- **Work item**:
Exclude images, then output the remaining data verbatim.

- **Data segment**:
----------------------------------------

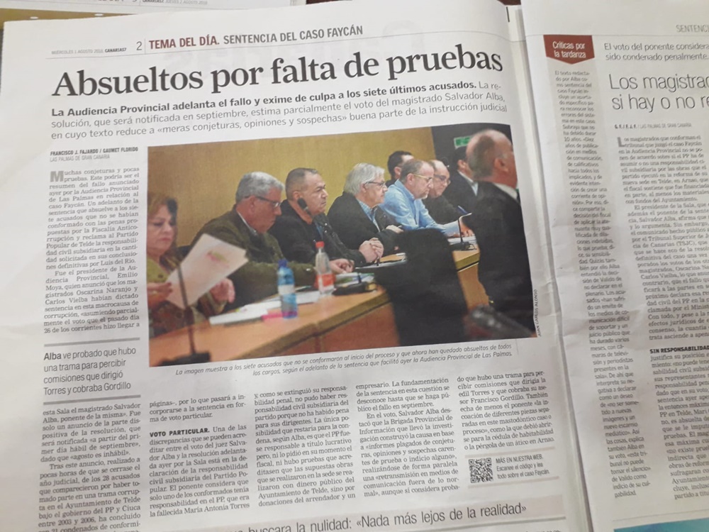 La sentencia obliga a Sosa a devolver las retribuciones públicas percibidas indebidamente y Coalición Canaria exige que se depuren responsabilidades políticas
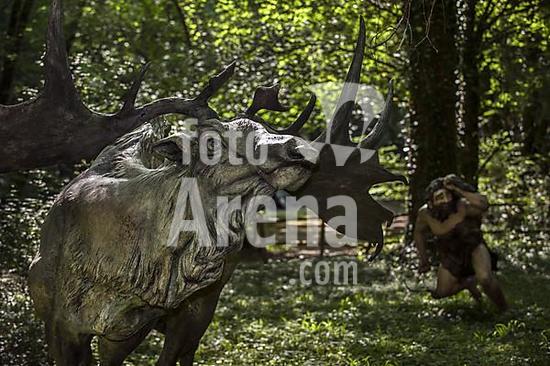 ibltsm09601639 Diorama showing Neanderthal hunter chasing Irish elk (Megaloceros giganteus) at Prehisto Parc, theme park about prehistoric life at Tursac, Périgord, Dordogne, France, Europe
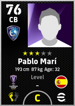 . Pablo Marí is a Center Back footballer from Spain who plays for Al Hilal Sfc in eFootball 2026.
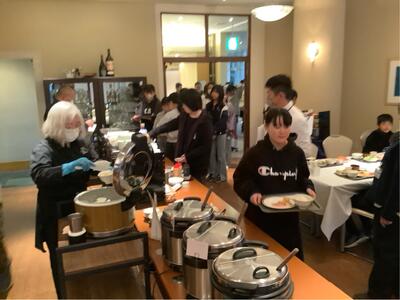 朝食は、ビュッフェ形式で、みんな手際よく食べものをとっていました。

----------------------------------------

- **Written solution**:
 La sentencia obliga a Sosa a devolver las retribuciones públicas percibidas indebidamente y Coalición Canaria exige que se depuren responsabilidades políticas
 ibltsm09601639 Diorama showing Neanderthal hunter chasing Irish elk (Megaloceros giganteus) at Prehisto Parc, theme park about prehistoric life at Tursac, Périgord, Dordogne, France, Europe
 . Pablo Marí is a Center Back footballer from Spain who plays for Al Hilal Sfc in eFootball 2026.
 朝食は、ビュッフェ形式で、みんな手際よく食べものをとっていました。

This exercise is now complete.